Others who focus on the product (furniture) first will always come in second to Amazon.
Principal, Retailing In Focus LLC
I commented a couple of weeks ago that Amazon had not yet made big inroads into the major appliance market — but obviously they are headed in this direction, along with furniture. To some degree IKEA has already figured out how to generate furniture sales not tied to its showrooms, so it’s clearly an opportunity for Amazon too. No doubt that they will figure out the logistics of bulky products but this still seems like a business where customers want to “kick the tires” — so perhaps Amazon ought to test showrooms in their early test markets.
President, Global Collaborations, Inc.
IKEA disrupted the furniture business and is very popular with Millennials. A recent article said that Millennials are beginning to purchase homes. If that is accurate, then the furniture marks stands to expand. However, it will expand as business as usual. Millennials have different tastes than their parents.
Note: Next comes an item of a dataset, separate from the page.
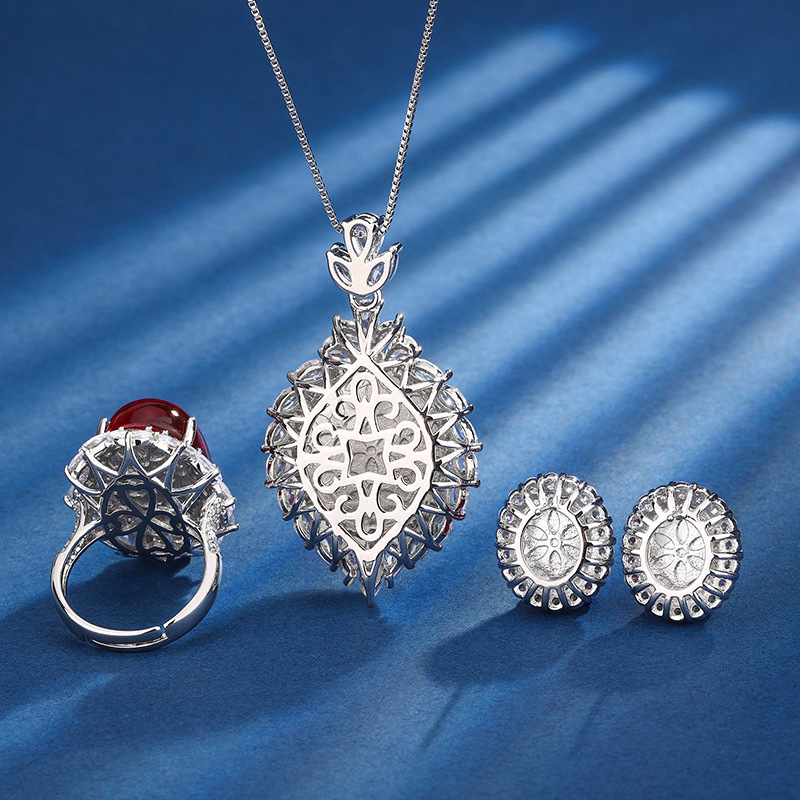 Zhuang Sheng joyería europea y americana simulación paloma sangre roja corindón superficie lisa luz traje de lujo colgante 18*20 anillo 13*18
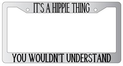 Chrome license plate frame IT'S A HIPPIE THING YOU WOULDN'T UNDERSTAND made from high impact ABS plastic, chrome plated, and covered with color vinyl printing.

Amazon may well be able to take advantage of that.
Owner, Tony O's Supermarket and Catering
Director, Retail Market Insights, Aptos
Amazon must always be considered a threat, but this category will be a challenge for them, without question. I used to work with hundreds of furniture retailers in my days at GERS, and one thing they all told me, time and time again, is that furniture buying is an emotional process. While Amazon is perhaps the best on the planet at removing emotion from the retail transaction, and they will surely grab some share of the market, I am not sure their model translates at scale to motivate purchases that people expect to last for a decade.
Director of Marketing, OceanX
Amazon is already a decent sized force in furniture via the marketplace. Many of the intelligent furniture brands are using platforms like RevCascade to effectively set up drop ship programs on Amazon, Houzz and many other marketplaces.
Amazon has a pretty clear playbook they follow and I don’t think there is a product category out there that they won’t go after eventually. 1) See which categories, brands and products start to grain traction in the marketplace 2) start to purchase and sell the top brands who can’t resist the potential volume and reaching the Amazon shopper 3) Private label and then merchandise on the site similar products.
I don’t see furniture any different than batteries, apparel and I think next food items.
However, the way that furniture brands and more specifically retailers can compete is by providing custom products, personalized guidance and high quality customer service to help people make what can be a tough purchase.
CFO, Weisner Steel
Hard to imagine furniture being an entirely online business: i.e. I would think one would (still) need a showroom to view what you’re buying … would YOU lay down thousands for, say, a sofa without being able to sit on it, feel the fabric, etc?
And it’s equally hard to believe that IKEA was left out of list of “usual suspects.”
Other than that: well, yeah, sure “Amazon”, cuz … well it’s always them, ‘cuz, isn’t it?
Global Vice President, Strategic Communications, SAP Global Retail Business Unit
I CAN discount AMZN and Jeffrey. They can afford to lose money on furniture due to how they live on the profits of their AWS program. When they can match Ethan Allen, then they can get my interest. I would never buy furniture on Amazon. Let the Mills fall for it.
Also Wayfair and others online have not driven that much margin. Be careful, and remember the online world is not all feasible or sensible.
Managing Partner Cambridge Retail Advisors
Strategy and Digital Consultant
U.S. CEO and co-founder, Mirakl
Amazon has proven that it can move into any category it wants and dominate. The company has a business model that allows it to move into categories in a profitable way (e.g. through its marketplace of 3rd party sellers) before deciding if it wants to invest more in the category on its own, either through owned inventory or logistics or both.